● Listed records
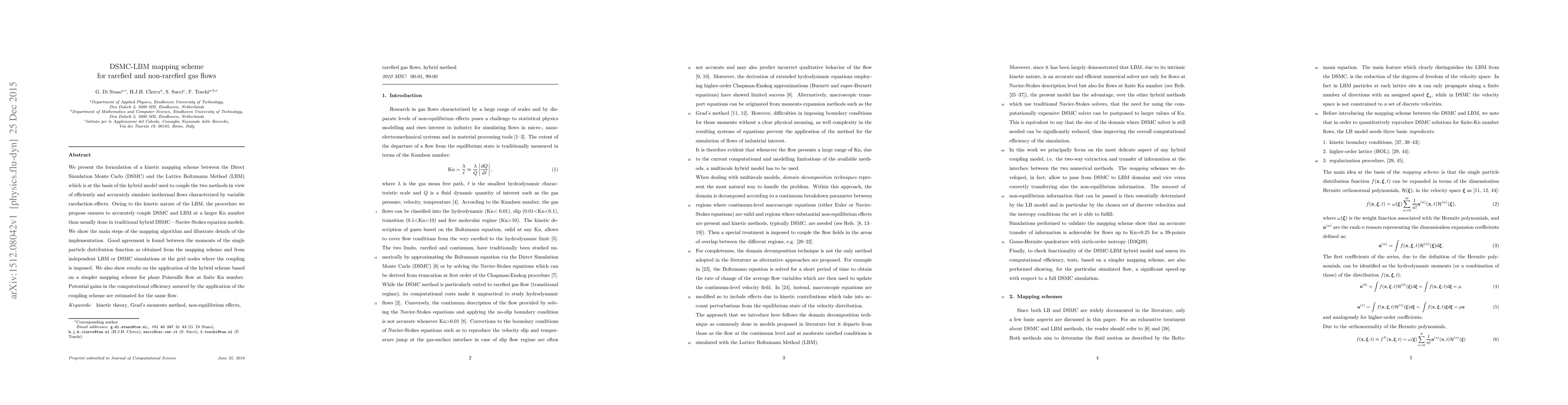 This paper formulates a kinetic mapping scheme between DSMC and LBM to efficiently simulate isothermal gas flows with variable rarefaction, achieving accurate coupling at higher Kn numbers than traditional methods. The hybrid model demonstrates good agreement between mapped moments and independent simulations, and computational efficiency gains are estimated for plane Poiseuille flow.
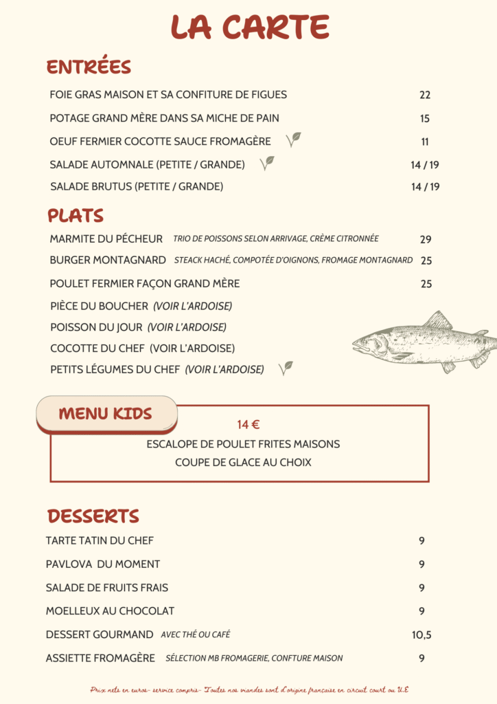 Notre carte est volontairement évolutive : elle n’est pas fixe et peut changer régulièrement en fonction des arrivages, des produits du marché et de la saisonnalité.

---

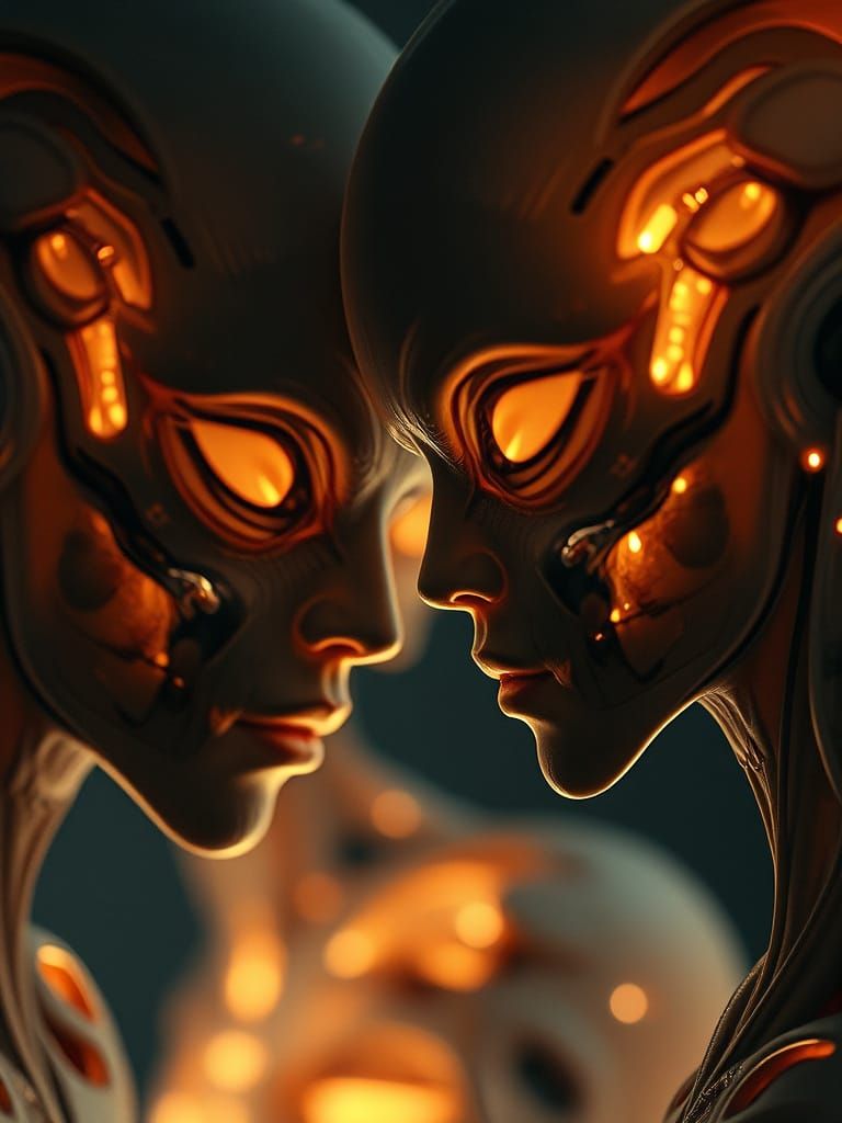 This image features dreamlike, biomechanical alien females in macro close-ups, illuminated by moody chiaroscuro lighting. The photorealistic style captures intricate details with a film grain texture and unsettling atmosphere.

● Exercise goal
Looking above, find the stretch of lines that opens with the one holding "This paper formulates" and closes with the one holding "Notre carte est". Copy it exactly, pictures excluded.

● Task answer
 This paper formulates a kinetic mapping scheme between DSMC and LBM to efficiently simulate isothermal gas flows with variable rarefaction, achieving accurate coupling at higher Kn numbers than traditional methods. The hybrid model demonstrates good agreement between mapped moments and independent simulations, and computational efficiency gains are estimated for plane Poiseuille flow.
 Notre carte est volontairement évolutive : elle n’est pas fixe et peut changer régulièrement en fonction des arrivages, des produits du marché et de la saisonnalité.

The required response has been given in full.